The field is also used by controllers to identify the parent resource.

cf. Garbage Collection
What does happen to PersistentVolumeClaims instantiated from a StatefulSet when the StatefulSet is deleted?

Sample answer
They will remain.

If you want to delete PVC along with the StatefulSet, set PVC's metadata.ownerReference to the StatefulSet or something else. For example, Elastic Cloud on Kubernetes (ECK) sets the owner of PVC to Elasticsearch custom resource.
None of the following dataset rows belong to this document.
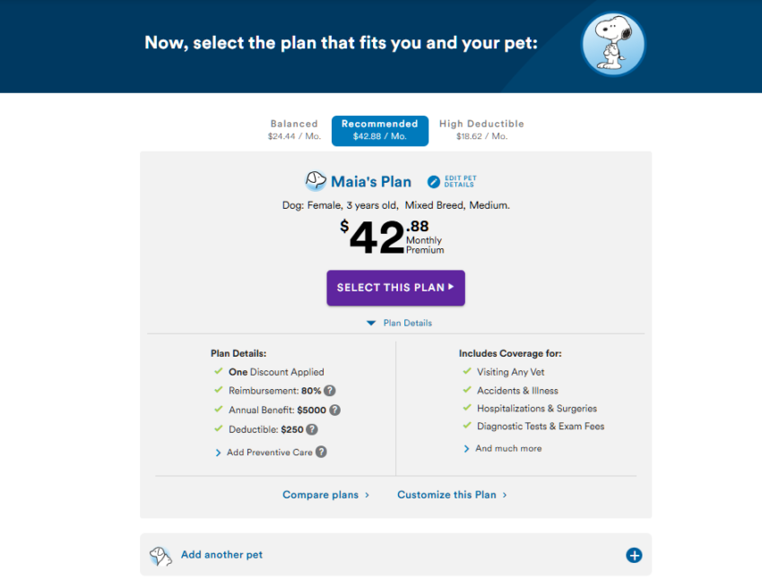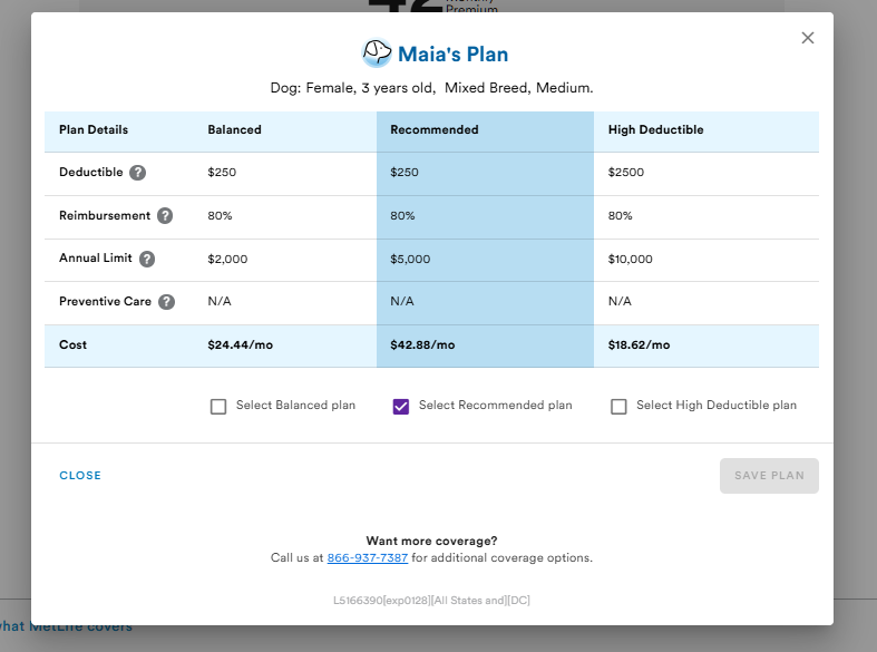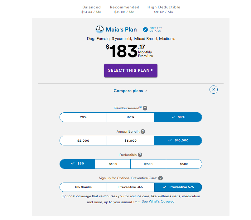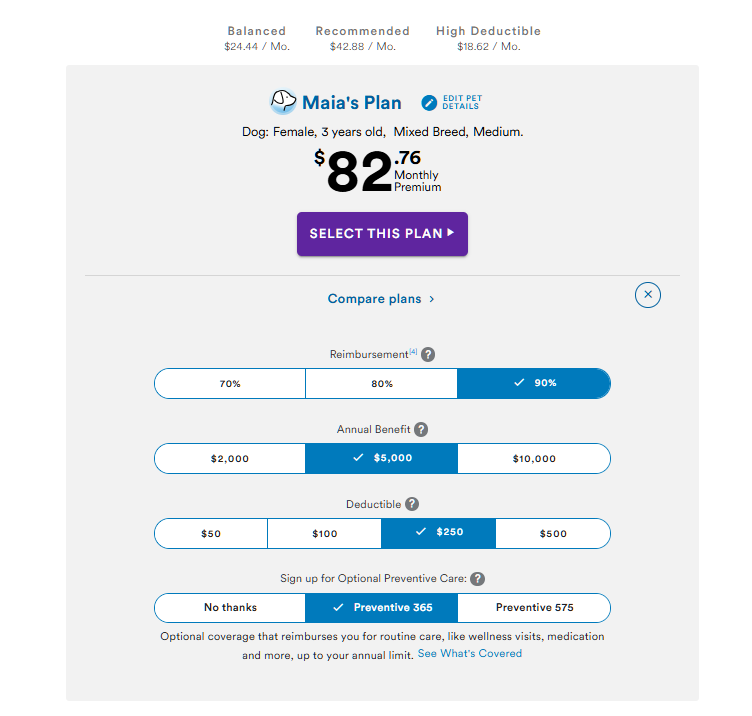 Before we head into my final thoughts, I figured it may be helpful to see quotes for a few different breeds and ages. Each of these is the monthly cost for the recommended plan. All are female.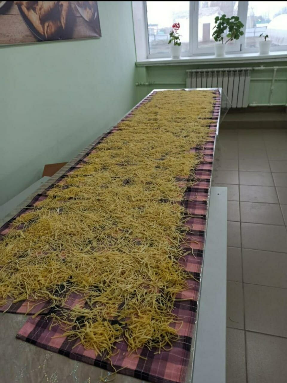 Неравнодушные к судьбе Родины волонтеры и председатели родительских комитетов учебного заведения активно приступили к работе. За один выходной день они изготовили лапшу из 30 листов теста.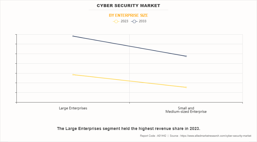 By enterprise size, the large enterprises segment held the largest share in the cybersecurity market for 2023.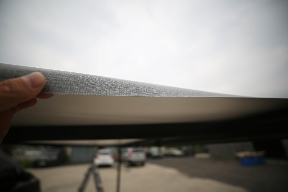 예전에 나오던 저가 자동차어닝과 비교해 두껍고 튼튼한 원단과 차광코팅으로 인해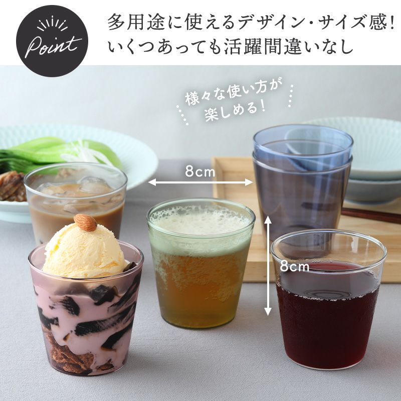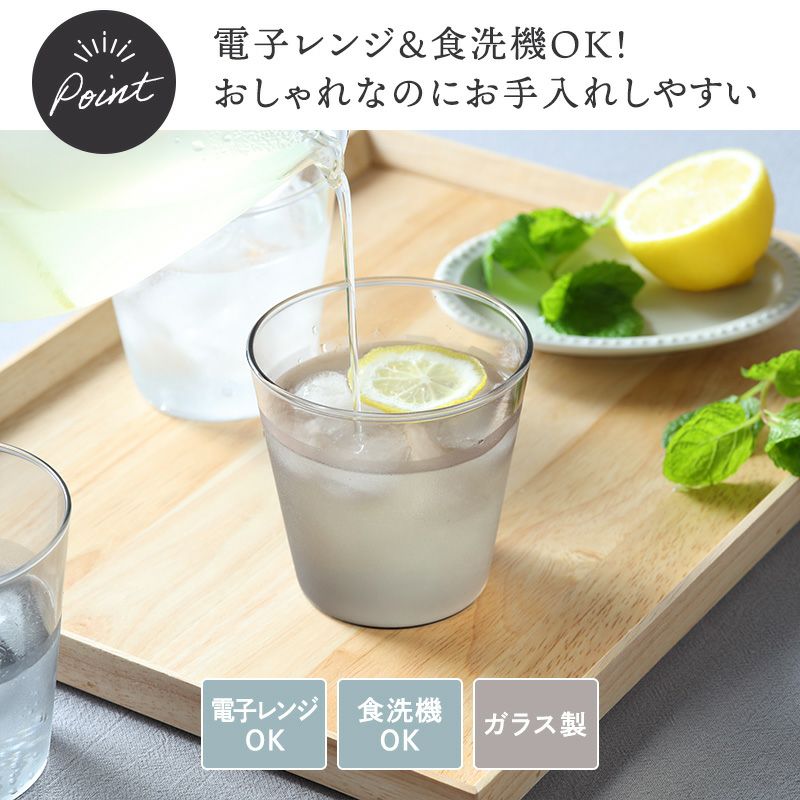 ガラスの透明感と、くすみカラーが絶妙なタンブラー。 耐熱ガラスだから、ホットもアイスも気軽に使えます。 270ccのちょうどいいサイズ感で、電子レンジ・食洗機も対応。 暮らしをやさしく彩る、毎日使いたくなる一品です。

Components and their collaborations

Describe the roles of these components:
- etcd
- kube-apiserver
- kube-controller-manager
- kube-scheduler
- kubelet
- kube-proxy
- containerd
- CoreDNS
Sample answer
- etcd: to store resource objects persistently.
- kube-apiserver: to access etcd and provides REST API for other components.
- kube-controller-manager: is a set of controllers to watch and edit resources in kube-apiserver.
- kube-scheduler: to schedule new Pods to a Node.
- kubelet: to run Pods on each Node.
- kube-proxy: to configure network rules on each Node for Services.
- containerd: to accept CRI requests from kubelet and run containers.
- CoreDNS: to provide internal DNS for Service names.
Describe the behavior of each component from the creation of a Pod to the running of the containers inside
Sample answer
1. kube-apiserver saves a new Pod resource in etcd
2. kube-scheduler finds the new Pod
3. kube-scheduler allocates a Node to the new Pod based on available resources and other conditions
4. kubelet on the allocated Node finds the new Pod
5. kubelet initializes the Pod runtime as follows:
  1. kubelet sends a CRI request to CRI runtime such as containerd to create an infrastructure container
  2. CRI runtime calls CNI plugins to initialize the network namespace of the Pod
6. kubelet sequentially requests CRI runtime to run spec.initContainers, if any
7. kubelet concurrently requests CRI runtime to run spec.containers
Describe who creates default ServiceAccount in each namespace and when

Sample answer
The default ServiceAccount does not exist immediately after a namespace is created.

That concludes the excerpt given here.